De même, nous sommes très reconnaissants de la contribution considérable que le président Jacques Chirac, grand ami de la paix, a apporté pour que le petit Monténégro, en 1999, soit épargné au maximum des destructions de l’OTAN.
En ce qui concerne le référendum monténégrin, la France, en tant que membre de l’Union européenne, suit son point de vue et préfère le maintien de la Communauté d’États. Nous comprenons et respectons une telle attitude, mais nous sommes persuadés que la France, en tant qu’État démocratique, soutiendra la volonté des citoyens exprimée à l’issue du référendum, qu’il s’agisse du maintien de la Communauté ou de l’indépendance.

Un message ?
Permettez-moi de faire une digression et de rappeler que la France est un grand État européen qui tient fortement à sa tradition. Le Monténégro est un petit État européen qui tient à sa longue tradition d’État. Au moment où le Monténégro a acquis la reconnaissance internationale et est devenu un État indépendant par la décision prise au Congrès de Berlin en 1878, il n’y avait tout au plus une dizaine d’États en Europe.

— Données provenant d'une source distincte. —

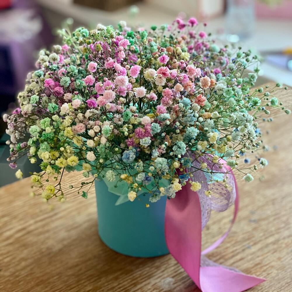 Шляпная коробка крашеной гипсофилы
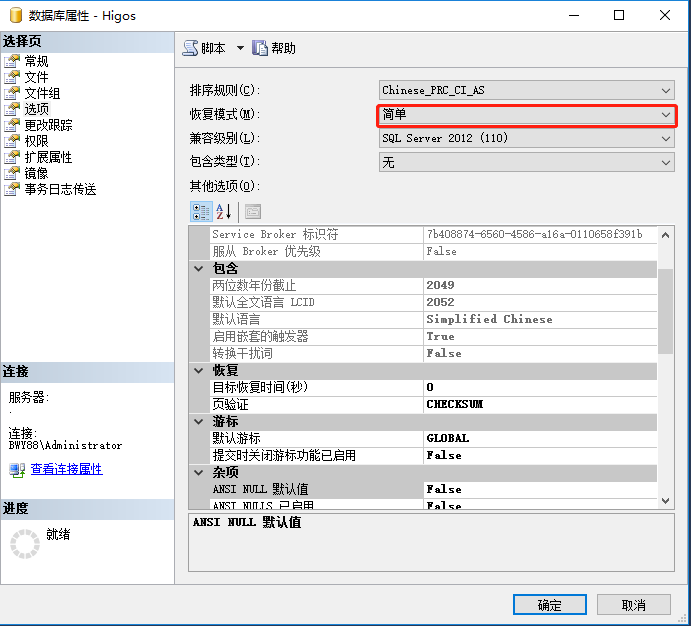 解决方案2 -收缩数据库日志文件(最靠谱方案!)分两步操作:step 1.操作步骤:在数据库右键 --> 数据库属性 -->选项 -->将数据库【恢复模式】修改为【简单】。点确定按钮。
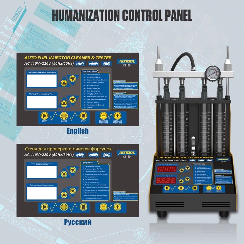 AUTOOL CT150 là một thiết bị chuyên nghiệp với 4 ngăn tự động để làm sạch và thử nghiệm hệ thống phun nhiên liệu trên các loại xe ô tô và xe máy.
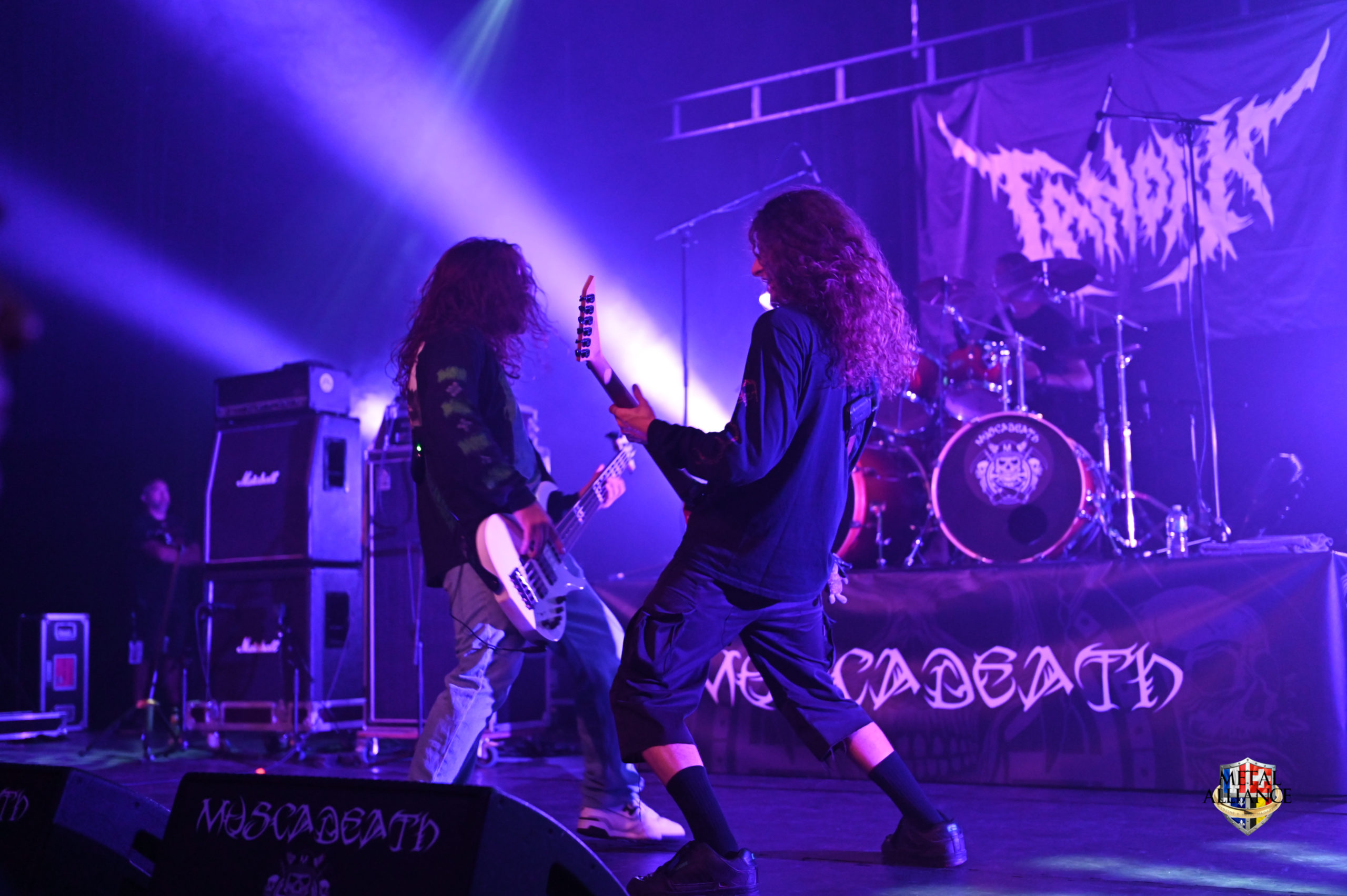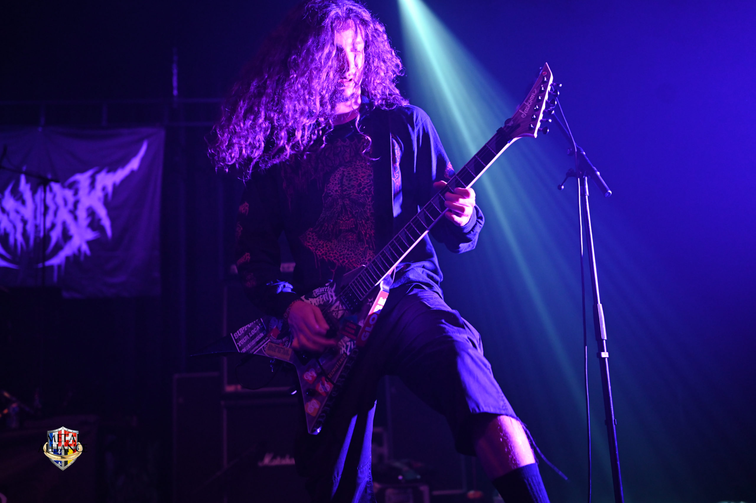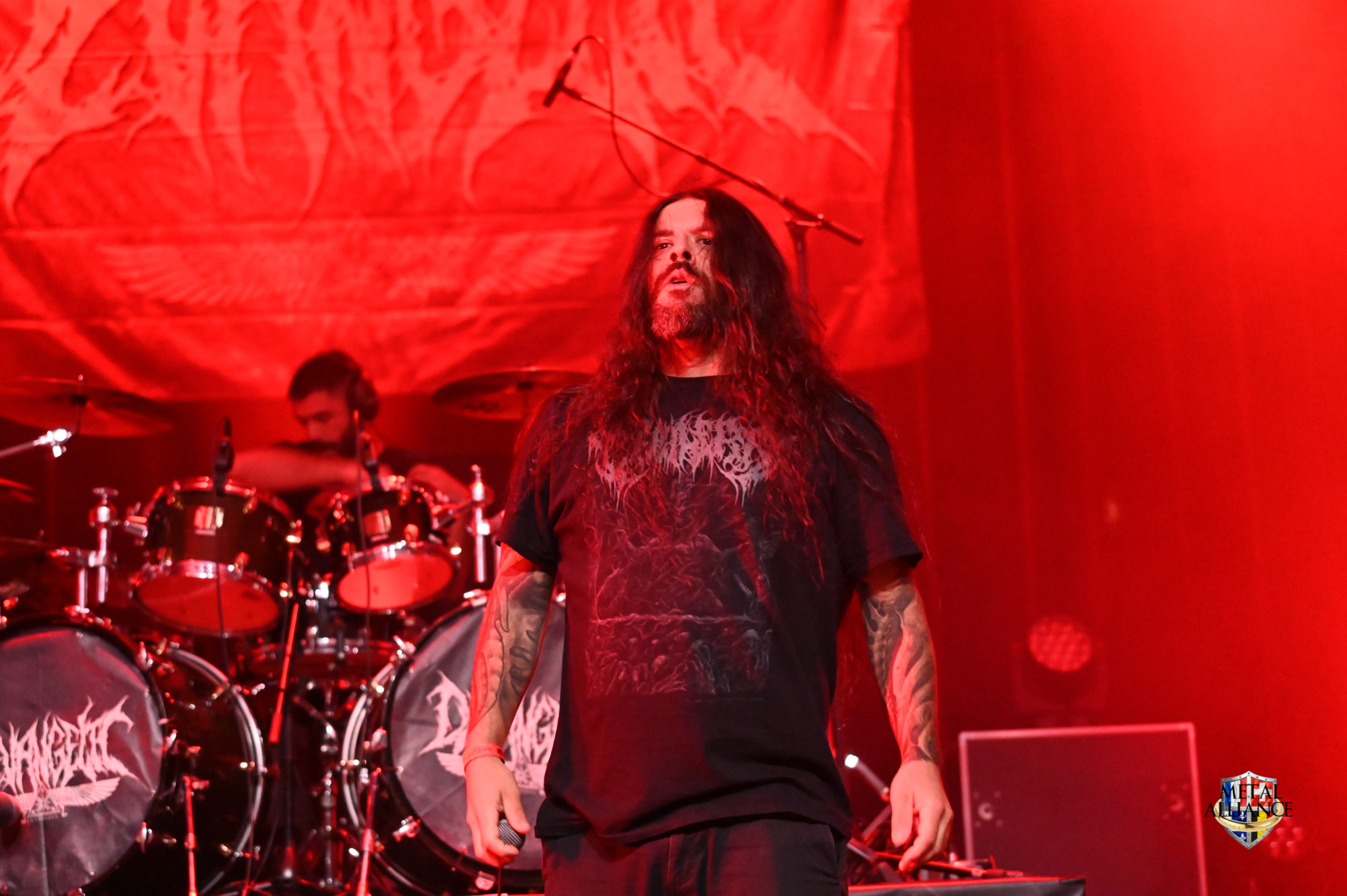 Avulsed est sur scène mais il lui manque un guitariste. En effet, petit couac, excuses du lead et c’est reparti. Le premier morceau est tout droit sorti du dernier album Phoenix Cryptobiosis, chroniqué par Christophe Perroud de Metal Alliance Mag en début d’année [https://metalalliancemag.ch/chroniques/avulsed-phoenix-cryptobiosis/] et que je vous conseille. À l’instar de Massacra Legacy, personne n’arrête le show et Dave Rotten, le chanteur, interprète aussi deux voix différentes. J’adore la manière de jouer d’Arjan van der Wijst à la batterie, on savoure les enchaînements jusqu’au dernier morceau Sick Sick Sex, issu de l’album Deathgeneration.

À notre époque, sur notre continent uni et moderne, on ne distingue pas les États d’après leur grandeur, mais selon leur capacité à atteindre les standards européens. Le Monténégro fait des efforts assidus pour les respecter et souhaite atteindre le niveau démocratique et économique aussi bien de la France que celui d’autres grands ou petits pays de l’Union européenne.
Je suis convaincu que le Monténégro deviendra un État indépendant en 2006 et continuera, par la suite, à adopter toujours plus vite les standards européens, et, finalement, accélérera son adhésion à l’Europe unie. Nous souhaitons une coopération ouverte, un partenariat et une amitié avec la Serbie ainsi qu’avec tous les autres pays de notre entourage, l’épanouissement des libertés de l’homme, le développement de l’économie et un meilleur niveau de vie. Bref, une vie appropriée aux citoyens de l’Europe, auxquels les Monténégrins appartiennent.